ChernoffOT queries any Prometheus-compatible endpoint and turns your services into expressive cartoon faces. Point it at your existing Prometheus, Amazon Managed Prometheus, Google Managed Prometheus, Grafana Cloud, or any other PromQL-compatible backend.
Quick Start
Docker
docker build -t chernoffot .
docker run \
-e PROMETHEUS_URL=https://your-prometheus-endpoint \
-p 3000:3000 \
chernoffotOpen http://localhost:3000 — you'll see faces for every discovered service.
Docker Compose
Copy the provided docker-compose.yml, set PROMETHEUS_URL in a .env file, then:
echo 'PROMETHEUS_URL=https://your-prometheus-endpoint' > .env docker compose up
From Source
bun install PROMETHEUS_URL=https://your-prometheus-endpoint bun run dev
Prerequisite: Bun runtime (
curl -fsSL https://bun.sh/install | bash)
How It Works
Each service in your infrastructure becomes a face. By default, facial features encode these four outage signals:
| Feature | Default Metric | Good → Bad |
|---|---|---|
| Mouth | Error rate | 😊 Smiling → 😟 Frowning |
| Eye Size | Latency (p95) | 😑 Calm → 😳 Wide open |
| Brow Angle | Traffic anomaly | 😌 Relaxed → 😠 Angry |
| Head Color | Health score | 🟢 Green → 🔴 Red |
Sweat drops appear when a service is critically unhealthy (< 30% health).
You can remap which normalized metric drives each facial feature from the in-app mapping modal (? button in the header).
Architecture
Your Services → Prometheus-compatible backend → ChernoffOT → 🎭 Faces
ChernoffOT auto-discovers your services, classifies them by type (app, database, cache, queue, worker), and fetches type-appropriate metrics via PromQL. No manual service registration required.

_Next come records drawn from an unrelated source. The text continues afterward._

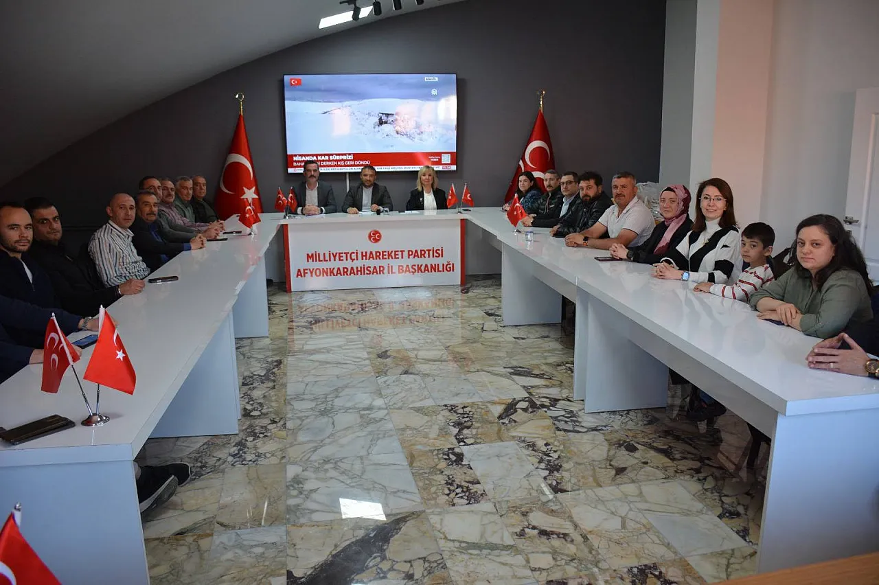 Toplantıya; MHP Afyonkarahisar İl Başkanı Ahmet Kahveci, KAÇEP’ten Sorumlu İl Başkan Yardımcısı Av. Nesrin Çelikbilek, MHP Merkez İlçe Başkanı İbrahim Danaoğlu, il ve merkez ilçe yönetim kurulu üyeleri katıldı.
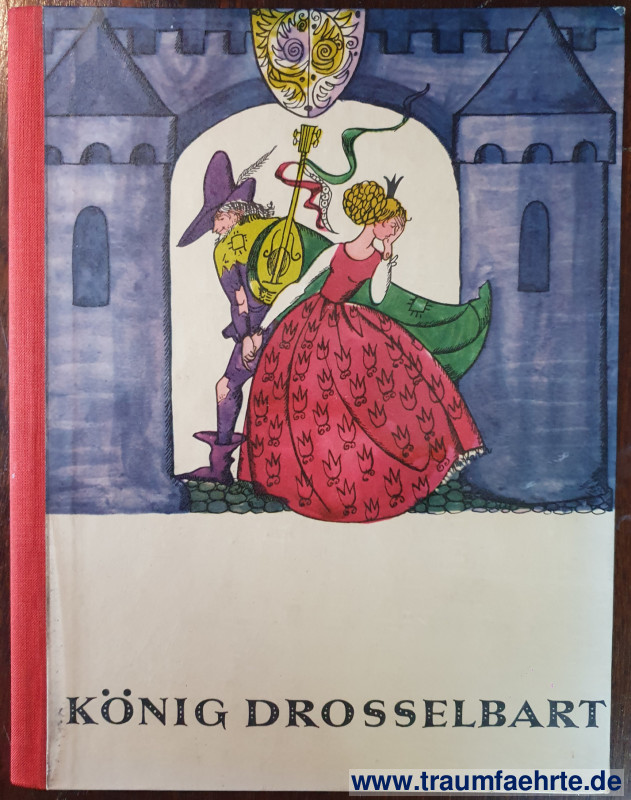 Alte Bücher etc. > Kinderbücher > Bilderbücher nach 1945Gebrüder Grimm: König Drosselbart. Das alte Märchen der Brüder Grimm. [ Permalink ]>>> Artikel-Nr: 39069 <<< Leipzig, Herbert Schulze 1963, 2. Aufl., mit farb. Illustrationen von Jutta Hellgrewe, 11 Blatt, farb. illustr. OHLn., gr. 8° Zustand: Einbandfolie hinten beschädigt, insgesamt gut erhalten Preis: 26,00 €
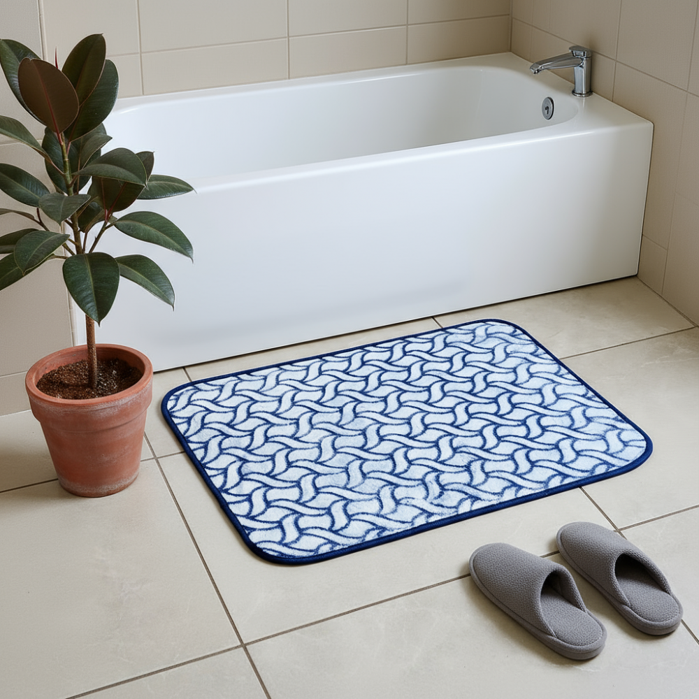 Коврик для ванной 60*90см "Зигзаги", мягкий ворс, полиэстер, (синий)
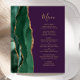 The left-hand edge of this elegant modern wedding menu features an emerald green watercolor agate border trimmed with faux gold glitter. The customisable text combines gold-coloured whimsical handwriting script and copperplate fonts on a purple background. The reverse side features a matching emerald green and gold agate design.
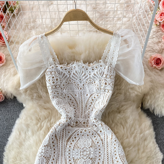 Robe en dentelle à col carré, manches bouffantes, taille haute, coupe ajustée, moyenne et longue, 2731
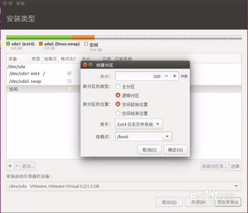 /.(主分区):主分区,用于存放系统,相当于win7的C盘,10G即可。

ChernoffOT works with any PromQL-compatible backend. Just point PROMETHEUS_URL at it:
| Provider | PROMETHEUS_URL |
|---|---|
| Amazon Managed Prometheus | https://aps-workspaces.<region>.amazonaws.com/workspaces/<id> |
| Google Managed Prometheus | https://monitoring.googleapis.com/v1/projects/<project>/location/global/prometheus |
| Azure Monitor Prometheus | https://<workspace>.prometheus.monitor.azure.com |
| Grafana Cloud | https://prometheus-prod-XX.grafana.net/api/prom |
🚧 Coming soon: zero-config bundled Prometheus. Join waitlist to get notified→
ChernoffOT currently issues direct requests to PROMETHEUS_URL and does not add auth headers or cloud request signing. For secured endpoints, route through an authenticated proxy/gateway and point PROMETHEUS_URL to that proxy.
Configuration
All configuration is via environment variables with sensible defaults:
Core
| Variable | Default | Description |
|---|---|---|
PROMETHEUS_URL |
http://localhost:9090 |
PromQL-compatible endpoint |
PORT |
3000 |
Port the ChernoffOT server listens on |
REFRESH_INTERVAL |
15 |
Dashboard refresh interval in seconds |
Service Discovery & Labels
| Variable | Default | Description |
|---|---|---|
LABEL_SERVICE |
service_name |
Primary label identifying services |
SERVICE_LABEL_ALIASES |
service_name,service |
Comma-separated fallback label names |
LABEL_STATUS |
http_response_status_code |
Label used for HTTP status codes |
METRIC_DURATION |
http_server_request_duration_seconds |
Primary request duration metric name |
SERVICE_TYPE_OVERRIDES |
— | Force service types: svc1=db,svc2=cache |
Tuning
| Variable | Default | Description |
|---|---|---|
DISCOVERY_CACHE_MS |
60000 |
How often to re-discover services (ms) |
CLASSIFIER_CACHE_MS |
600000 |
How often to re-classify service types (ms) |
METRICS_CACHE_MS |
15000 |
How often to re-fetch metrics (ms) |
ACTIVE_WINDOW_SEC |
300 |
Seconds before a service is considered missing |
MISSING_RECENTLY_SEC |
3600 |
Seconds before a missing service is considered stale |
CATALOG_TTL_SEC |
604800 |
Seconds before a stale service is pruned (7 days) |
Service Classification
ChernoffOT automatically classifies services by inspecting which metrics they expose:
| Type | Detection Signals |
|---|---|
| Application | http_server_*, http_requests_*, grpc_server_* |
| Database | postgres_*, mysql_*, mongodb_*, lock/connection metrics |
| Cache | redis_*, memcached_*, hit/miss, eviction metrics |
| Queue | kafka_*, rabbitmq_*, nats_*, lag/depth metrics |
| Worker | job_*, task_*, queue consumer metrics |
Each type uses different PromQL queries optimized for that workload. Override with SERVICE_TYPE_OVERRIDES=my-redis=cache,my-pg=db.
Compatible Backends
Any backend that speaks PromQL:
- ✅ Prometheus / VictoriaMetrics / Thanos / Cortex / Grafana Mimir
- ✅ Amazon Managed Prometheus / Google Managed Prometheus / Azure Monitor
- ✅ Grafana Cloud / Coralogix / New Relic (Prometheus endpoint)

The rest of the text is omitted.